Abstract

The clearly resolved ${}^{1}{B}_{u}$ $(\ensuremath{\nu}=1)$ exciton and its vibronic structures show up in ordinary absorption and photoluminescence spectra of films of highly ordered poly(3-octylthiophene). The electroabsorption and the two-photon absorption spectra have unraveled the charge-transfer type ${}^{1}{A}_{g}$ $(\ensuremath{\nu}=2)$ exciton state lying 0.5 eV above the ${}^{1}{B}_{u}$ $(\ensuremath{\nu}=1)$ exciton state, while the electroluminescence spectrum shows the emission from the triplet exciton ${(}^{3}{B}_{u})$ lying 0.45 eV below the corresponding ${}^{1}{B}_{u}$ exciton.
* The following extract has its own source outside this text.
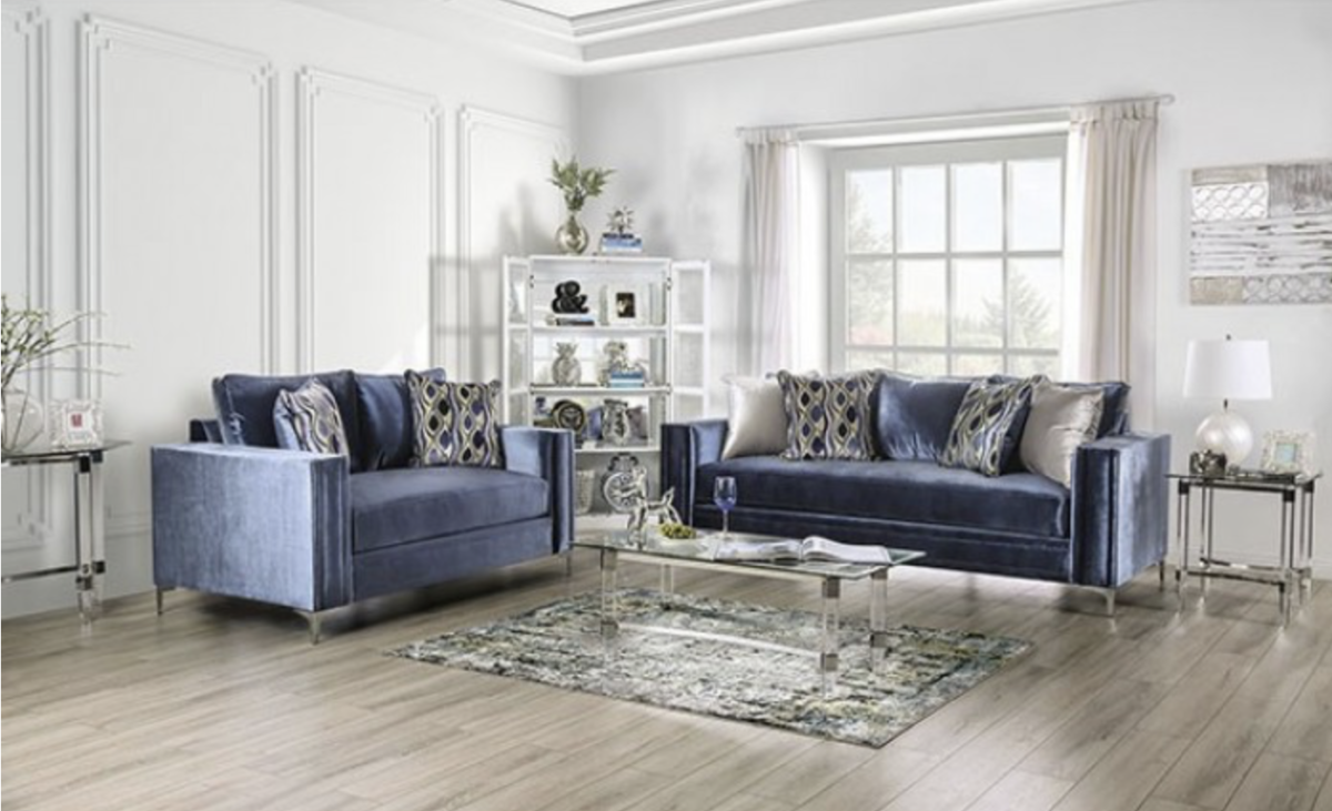 This contemporary loveseat combines modern elegance with everyday comfort. Upholstered in smooth satin blue microfiber, it offers a soft, inviting feel while maintaining a sleek and refined appearance. The chrome-finished frame adds a stylish silver accent that enhances its clean, contemporary design. Crafted with a solid wood structure and durable materials, this piece is built for both stability and long-lasting use.

On the basis of the excitonic level diagram as well as the FeCl${}_{4}^{\ensuremath{-}}$-doping induced spectral change, the distinct photoinduced band observed at 1.0 eV is assigned to the internal transition between the triplet-exciton levels, ${}^{3}{B}_{u}$ $(\ensuremath{\nu}=1)$ $\ensuremath{\rightarrow}$ ${}^{3}{A}_{g}$ $(\ensuremath{\nu}=2)$.